We can use the Label variable from above. Here let’s define a Variable Article for representing the feature vector. WordDomain is the object WordDomain extends CategoricalDomain(List(“beat”, “beautiful”, “election”))
object WordDomain extends CategoricalDomain(List("beat", "beautiful", "election"))
// TODO Consider interface improvements to CategoricalVectorDomain initialization.
object ArticleDomain extends CategoricalVectorDomain[String] { override def dimensionDomain = WordDomain }
class Article(ws:Iterable[String]) extends BinaryFeatureVectorVariable[String](ws) {
def domain = ArticleDomain
}
class MyClassifier(label:Label, article:Article) extends DotFactorWithStatistics2(label, article) {
val weights = new DenseTensor2(LabelDomain.size, WordDomain.size)
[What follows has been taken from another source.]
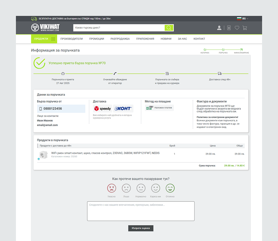 Стъпка 6: На последната стъпка получавате потвърждение за успешно приета бърза поръчка, както и всички необходими данни и информация за поръчката ви. Ще се радваме да оставите отзив за преживяването си в сайта ни, това е важно за нас!

weights(LabelDomain.index("politics"), WordDomain.index("beat")) = 3.0
weights(LabelDomain.index("politics"), WordDomain.index("beautiful")) = 2.0
weights(LabelDomain.index("politics"), WordDomain.index("election")) = 5.0
weights(LabelDomain.index("sports"), WordDomain.index("beat")) = 4.0
weights(LabelDomain.index("sports"), WordDomain.index("beautiful")) = 1.0
weights(LabelDomain.index("sports"), WordDomain.index("election")) = -1.0
weights(LabelDomain.index("arts"), WordDomain.index("beat")) = -2.0
weights(LabelDomain.index("arts"), WordDomain.index("beautiful")) = 5.0
weights(LabelDomain.index("arts"), WordDomain.index("election")) = 1.0
}
val a1 = new Article("beat election".split(" "))
val l1 = new Label("politics")
val cf = new MyClassifier(l1, a1)
// Any now we can do simple exhaustive inference
var maxScore = Double.NegativeInfinity
var maxLabeling = LabelDomain.head
for (labeling <- LabelDomain) {
l1.set(labeling)(null)
val score = cf.currentScore
if (score > maxScore) {
maxScore = score
maxLabeling = labeling
}
}
println("When scoring "+a1+" the highest scoring label value is "+maxLabeling)
}
Of course there is much more rich and efficient support for classification (including pre-built large-vocabulary document classification) available in FACTORIE. The above is a simple demonstration.
Note that all MyClassifier Factors share the same weightsSet Tensor, yet weightsSet is inefficiently created and filled separate for each MyClassifier instance. FACTORIE has special support for representing commonalities between Factors that belong to the same “Family”.